That’s what I thought when I read, during this year’s National Western Stock Show, that a “highly prized single-character brand” – the “Inverted T-Bone” – was to be auctioned off.

I remember, some years back, one of the young male college students I supervised had a raised welt, a large Greek letter, obviously branded on his shoulder. It represented the black fraternity to which he belonged. The brand was their lifelong pledge of brotherhood.

Did it hurt? “Not really,” he said; “you sort of space it out.”

But what about calves? Can they “space it out” for three long, agonizing seconds? By any standards, that’s a lot of pain.

Some, including me, might call it torture.

Imagine a TV chef holding his palm above a grill to gauge the heat level. Now imagine his hand suddenly thrust down and held onto the grill.

One … Mississippi.

Two … Mississippi.

Three … Mississippi.

In any land, that’s torture.

And what about calves? When they’re branded, they do feel pain; how much depends on how they get branded and for how long.

One study has shown that the number of “tail flicks” – an indicator of perceived pain in cattle – was lessened somewhat by using “freeze branding.” Freeze branding uses intense cold, like dry ice, and kills part of the hair follicles, leaving a white brand.
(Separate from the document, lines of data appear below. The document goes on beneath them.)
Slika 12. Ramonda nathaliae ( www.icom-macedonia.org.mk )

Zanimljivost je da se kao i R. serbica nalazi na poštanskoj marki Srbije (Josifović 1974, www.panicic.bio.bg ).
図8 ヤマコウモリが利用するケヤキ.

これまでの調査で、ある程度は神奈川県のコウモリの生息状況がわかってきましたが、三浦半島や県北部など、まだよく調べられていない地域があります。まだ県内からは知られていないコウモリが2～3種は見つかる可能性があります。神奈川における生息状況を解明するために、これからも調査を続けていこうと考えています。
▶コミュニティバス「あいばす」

It’s still painful, but for a shorter period of time.

Unfortunately, they didn’t have freeze branding in the Old West. What they had was cold-hearted cruelty.
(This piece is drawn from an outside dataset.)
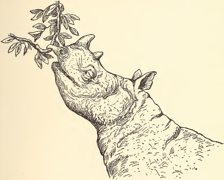
Abb. 4. Diceros bicornis L. beim Äsen von Blättern.

sich nämlich zwei verschiedene biologische Typen, die ihre Ernährungs- und Aufenthaltsweise morphologisch in der Form der Oberlippe dokumentieren. Der zweigfressende Typ besitzt eine rüsselförmig zugespitzte Oberlippe, welche Zweige erfaßt und abknickt (Abb. 3 links und Abb. 4). Ihm steht der Grasfressertyp gegenüber, der mit stumpfer gerundeter Oberlippe das Gras abschert (Abb. 3 rechts). Die Verschiedenheit ist so ausgesprochen, und der Grad des funktionellen Ersatzes von Oberzähnen durch Hornlippen so schwer richtig einzuschätzen, daß man auch die eventuelle Rückwirkung auf das Gebiß nicht unterschätzen darf zugunsten einseitiger Betrachtung der uns hier speziell interessierenden Korre-

As an 11-year-old in western Nebraska, I spent a rugged weekend on a working ranch (owned by a member of my father’s congregation). It was a perfect setting for a cowboy movie: the glow of the fire on the weathered faces of the ranch hands; the brands resting in the red-hot embers, waiting for the next hapless calf to be dragged in; the cowboys on horseback cursing and spitting and joking.

My brother and I were assigned the job of holding the calf down while the “cutting” and the branding took place. What I remember most vividly is the bawling of the calves as the glowing heat of the brand was applied. And the distinct, piquant smell of burnt calf-hide. The bawling, the utter terror when the red-hot brand was pressed into the calf’s flesh, was more intense, by ten-fold, than a human baby’s squall.

That’s torture, and should be stopped.

I can understand why the state’s Brand Inspection Division might be stuck on hot-iron branding. They’ve been registering brands since Colorado was just a territory. When you’ve been carrying on the cowboy tradition for that many years, the concept of unwarranted pain – torture – can easily get lost in the expedience of ranching.

And there’s that cow-town attitude peaking annually at the stock show.

I must admit, though, that I like the stock show parade; it has an unabashed charaderie I can appreciate. Stock and Schlock. Grand Guignol on a horse. However, my attitude toward the stock show itself is quite different.

These days, I associate the stock show with pain and suffering. Whenever I see a brand on a steer, I can flash back to the smell of searing skin and bawling calves.

I know the stock show is not intentionally about maiming and torturing. It’s about business, and pride, and family values, showmanship, competition – all those qualities that the newspaper writers must be thinking of when they call Denver a cow town. But we pride ourselves the rest of the year on being a “now town,” on our competitive positions in engineering and technology.

So why don’t we have some of our top minds figure out a method of painless branding? And make it worth their while. Create a million-dollar PETA Prize for Painless Branding.

And then, every year, right after the herd of longhorns, have a parade float that lets everyone know about the prizewinner – and the torturous pain it has eliminated.

It’s about time we did something, at the state level, about all that terrible cruelty.

One … Colorado.

Two … Colorado.

Three … Colorado.

Stephen Terence Gould is an independent scholar in Denver.